- [Supplied information]:

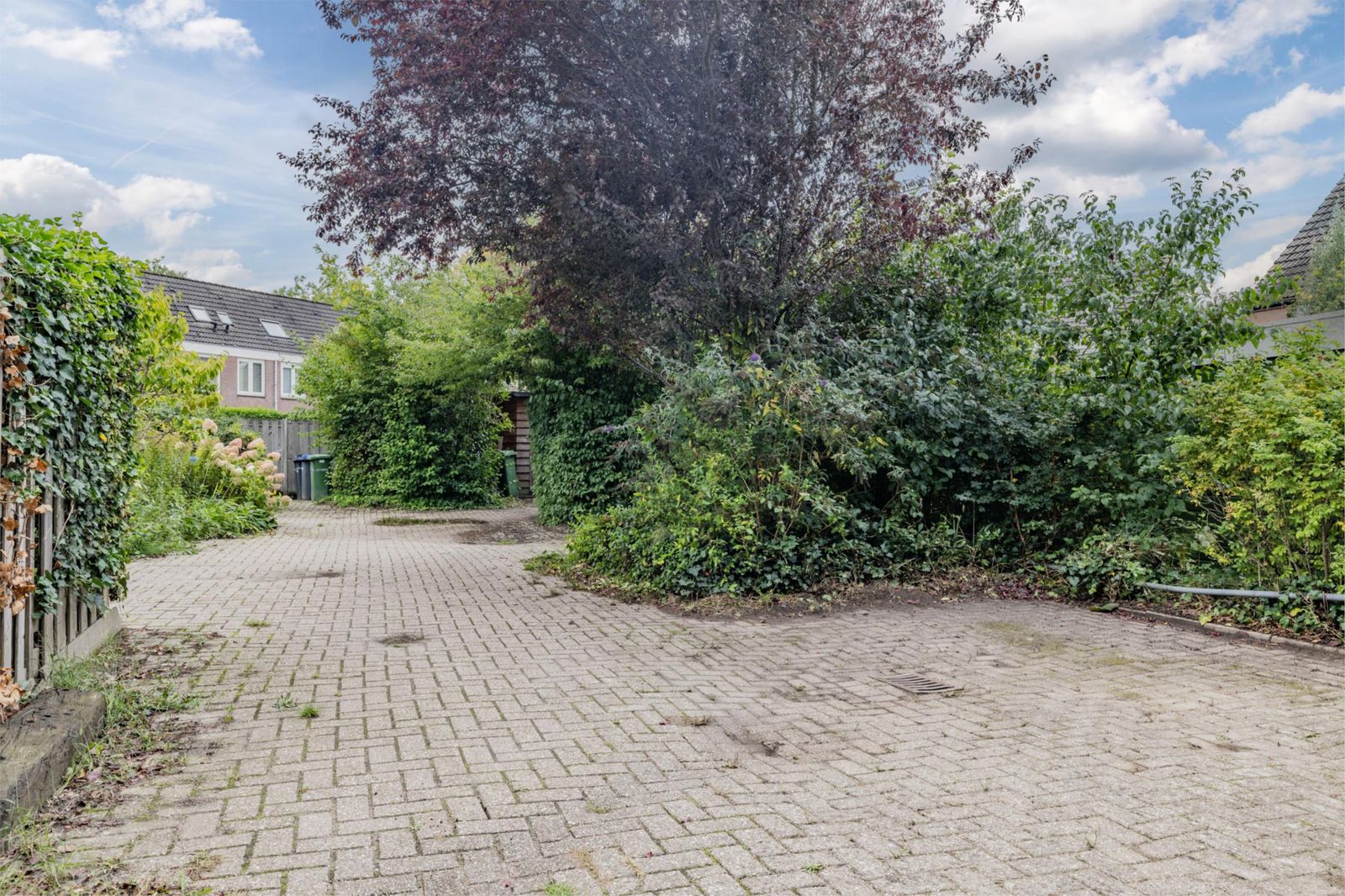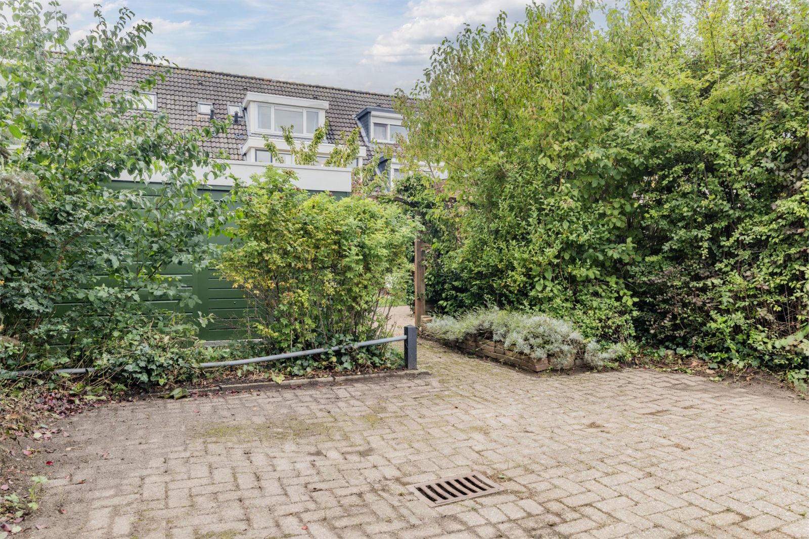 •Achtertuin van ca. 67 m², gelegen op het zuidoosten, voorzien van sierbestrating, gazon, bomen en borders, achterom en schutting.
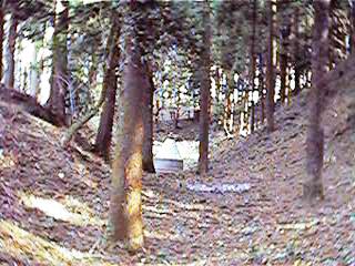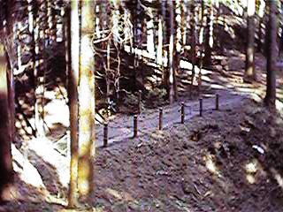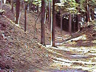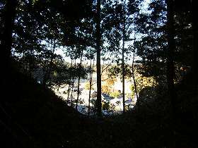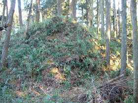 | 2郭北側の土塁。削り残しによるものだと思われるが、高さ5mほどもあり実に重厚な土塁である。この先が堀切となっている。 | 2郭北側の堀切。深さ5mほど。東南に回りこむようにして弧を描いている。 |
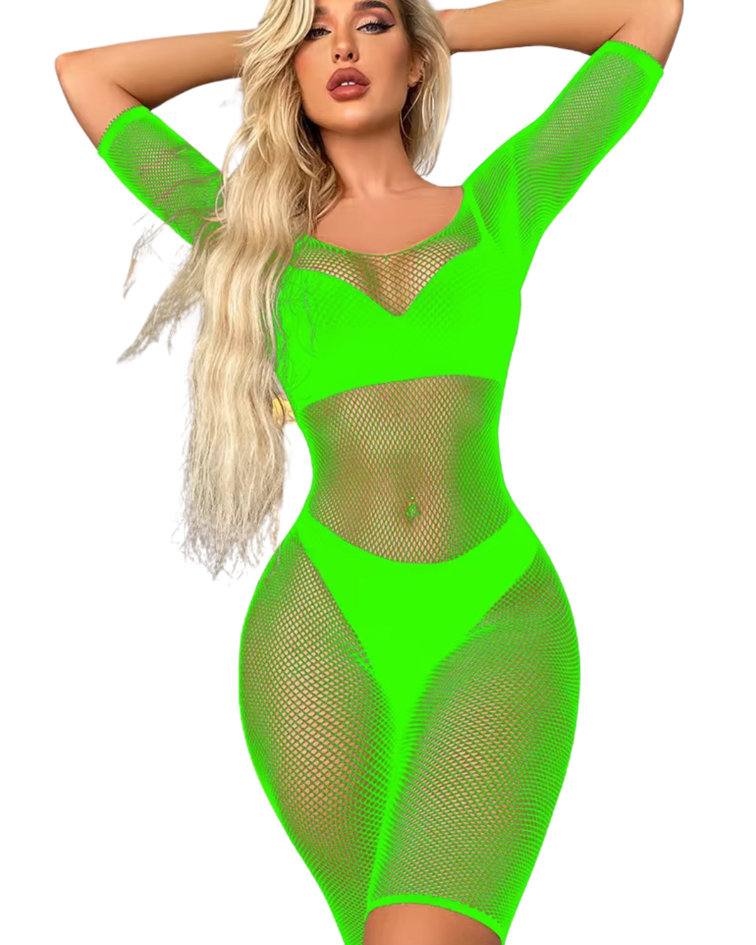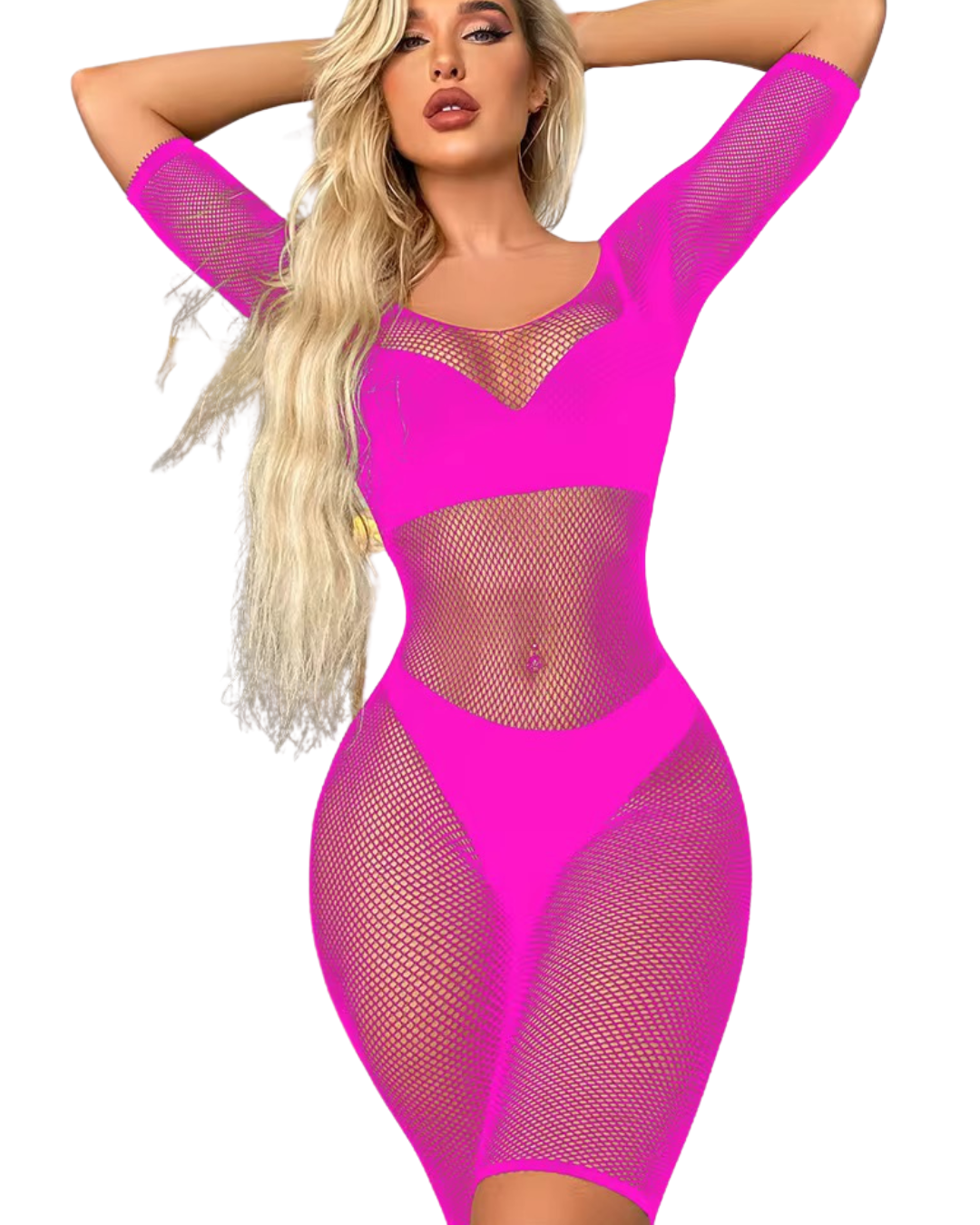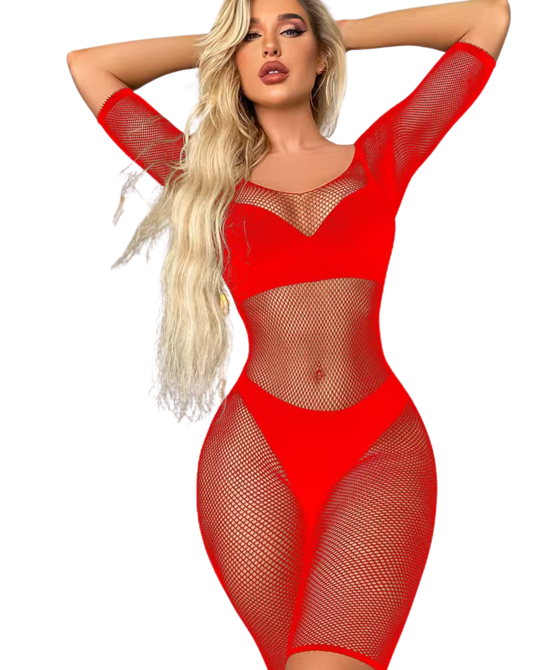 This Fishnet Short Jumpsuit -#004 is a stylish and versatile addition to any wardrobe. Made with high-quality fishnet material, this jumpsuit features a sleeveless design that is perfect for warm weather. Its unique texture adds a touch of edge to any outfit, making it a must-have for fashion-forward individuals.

- [What needs to be done]: Go through the data and return every word of it verbatim, leaving out the pictures.

- [Output below]:
 •Achtertuin van ca. 67 m², gelegen op het zuidoosten, voorzien van sierbestrating, gazon, bomen en borders, achterom en schutting.
 | 2郭北側の土塁。削り残しによるものだと思われるが、高さ5mほどもあり実に重厚な土塁である。この先が堀切となっている。 | 2郭北側の堀切。深さ5mほど。東南に回りこむようにして弧を描いている。 |
 This Fishnet Short Jumpsuit -#004 is a stylish and versatile addition to any wardrobe. Made with high-quality fishnet material, this jumpsuit features a sleeveless design that is perfect for warm weather. Its unique texture adds a touch of edge to any outfit, making it a must-have for fashion-forward individuals.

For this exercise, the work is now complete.